Il montre une franchise ici trop naturelle,

Pour ne te pas ôter tout sujet de querelle.

L’affaire se traitait sans doute à son desçu,

Et quelque faux soupçon en ce point t’a déçu.

Va retrouver Doris, et rendons-lui Clarice.

Alcidon

Tu te laisses donc prendre à ce lourd artifice,

À ce piège, qu’il dresse afin de me duper ?

Célidan

Romprait-il ces accords à dessein de tromper ?

Que vois-tu là qui sente une supercherie ?

Alcidon

Je n’y vois qu’un effet de sa poltronnerie,

Qu’un lâche désaveu de cette trahison,

De peur d’être obligé de m’en faire raison.

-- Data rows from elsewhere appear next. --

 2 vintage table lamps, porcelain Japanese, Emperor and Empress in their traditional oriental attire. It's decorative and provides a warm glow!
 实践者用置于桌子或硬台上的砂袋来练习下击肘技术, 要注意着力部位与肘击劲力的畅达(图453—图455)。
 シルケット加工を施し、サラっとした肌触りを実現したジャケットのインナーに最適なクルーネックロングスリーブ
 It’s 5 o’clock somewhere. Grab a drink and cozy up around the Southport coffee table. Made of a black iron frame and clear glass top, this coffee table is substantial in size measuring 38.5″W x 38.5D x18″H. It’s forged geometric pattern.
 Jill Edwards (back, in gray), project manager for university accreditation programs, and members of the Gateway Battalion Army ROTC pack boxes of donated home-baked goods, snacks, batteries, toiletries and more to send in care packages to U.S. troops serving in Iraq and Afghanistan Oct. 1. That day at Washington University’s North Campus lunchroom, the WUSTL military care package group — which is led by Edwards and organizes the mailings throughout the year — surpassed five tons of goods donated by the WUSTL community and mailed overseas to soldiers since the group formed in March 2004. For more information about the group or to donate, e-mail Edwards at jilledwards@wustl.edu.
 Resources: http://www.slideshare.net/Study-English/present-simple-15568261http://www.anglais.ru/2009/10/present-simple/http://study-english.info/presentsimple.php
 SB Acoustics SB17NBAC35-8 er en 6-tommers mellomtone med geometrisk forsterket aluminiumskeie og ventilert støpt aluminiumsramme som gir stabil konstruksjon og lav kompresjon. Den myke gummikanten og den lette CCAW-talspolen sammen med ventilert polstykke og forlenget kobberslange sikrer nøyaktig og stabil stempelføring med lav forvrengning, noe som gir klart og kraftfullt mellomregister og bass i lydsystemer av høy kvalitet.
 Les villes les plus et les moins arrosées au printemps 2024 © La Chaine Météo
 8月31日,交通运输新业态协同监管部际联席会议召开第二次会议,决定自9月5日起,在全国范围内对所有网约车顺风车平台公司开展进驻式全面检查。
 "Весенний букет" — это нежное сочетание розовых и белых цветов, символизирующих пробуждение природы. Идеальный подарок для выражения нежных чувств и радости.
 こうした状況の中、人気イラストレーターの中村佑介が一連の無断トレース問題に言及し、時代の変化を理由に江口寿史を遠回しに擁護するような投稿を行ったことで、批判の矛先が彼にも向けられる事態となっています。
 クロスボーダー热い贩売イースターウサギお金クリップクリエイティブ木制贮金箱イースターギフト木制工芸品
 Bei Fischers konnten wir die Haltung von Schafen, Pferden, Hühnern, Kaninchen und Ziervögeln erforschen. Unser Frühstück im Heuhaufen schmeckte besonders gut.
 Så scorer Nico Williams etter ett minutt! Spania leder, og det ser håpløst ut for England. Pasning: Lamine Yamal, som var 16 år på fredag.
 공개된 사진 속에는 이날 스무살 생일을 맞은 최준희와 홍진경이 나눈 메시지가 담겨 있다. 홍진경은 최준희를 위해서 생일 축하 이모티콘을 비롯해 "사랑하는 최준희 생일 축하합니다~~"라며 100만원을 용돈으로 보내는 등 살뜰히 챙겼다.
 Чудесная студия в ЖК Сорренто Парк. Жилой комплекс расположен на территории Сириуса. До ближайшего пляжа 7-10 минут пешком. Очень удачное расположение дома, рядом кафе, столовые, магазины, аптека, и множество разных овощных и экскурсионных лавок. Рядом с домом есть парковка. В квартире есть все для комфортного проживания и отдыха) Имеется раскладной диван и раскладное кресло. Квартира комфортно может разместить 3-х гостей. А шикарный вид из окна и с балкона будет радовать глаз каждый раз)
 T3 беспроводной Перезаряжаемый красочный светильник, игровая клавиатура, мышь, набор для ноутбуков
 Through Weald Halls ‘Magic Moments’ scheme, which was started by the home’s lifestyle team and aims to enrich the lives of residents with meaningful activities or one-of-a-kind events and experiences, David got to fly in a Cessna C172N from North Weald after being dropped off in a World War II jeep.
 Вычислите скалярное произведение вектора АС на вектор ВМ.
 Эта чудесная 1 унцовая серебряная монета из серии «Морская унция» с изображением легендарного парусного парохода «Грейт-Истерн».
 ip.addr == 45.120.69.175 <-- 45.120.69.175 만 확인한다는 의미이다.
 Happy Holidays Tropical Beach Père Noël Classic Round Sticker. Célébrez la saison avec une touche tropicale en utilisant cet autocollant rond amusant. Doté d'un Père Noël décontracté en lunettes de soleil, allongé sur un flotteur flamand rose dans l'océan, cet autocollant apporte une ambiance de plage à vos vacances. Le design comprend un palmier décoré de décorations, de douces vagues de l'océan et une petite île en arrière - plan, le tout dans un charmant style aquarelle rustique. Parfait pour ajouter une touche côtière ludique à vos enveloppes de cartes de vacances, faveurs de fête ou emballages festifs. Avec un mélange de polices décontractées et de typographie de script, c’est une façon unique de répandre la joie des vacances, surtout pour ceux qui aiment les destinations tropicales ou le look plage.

Je l’en pressai dès hier ; mais son peu de courage

Aima mieux pratiquer ce rusé témoignage,

Par où, m’éblouissant, il pût un de ces jours

Renouer sourdement ces muettes amours.

Il en donne en secret des avis à Florange :

Tu ne le connais pas ; c’est un esprit étrange.

Célidan

Quelque étrange qu’il soit, si tu prends bien ton temps,

Malgré lui tes désirs se trouveront contents.

Ses offres acceptés, que rien ne se diffère ;

Après un prompt hymen, tu le mets à pis faire.

Alcidon

Cet ordre est infaillible à procurer mon bien ;

Mais ton contentement m’est plus cher que le mien.

Longtemps à mon sujet tes passions contraintes

Ont souffert et caché leurs plus vives atteintes ;

Il me faut à mon tour en faire autant pour toi :

Hier devant tous les dieux je t’en donnai ma foi,

Et pour la maintenir tout me sera possible.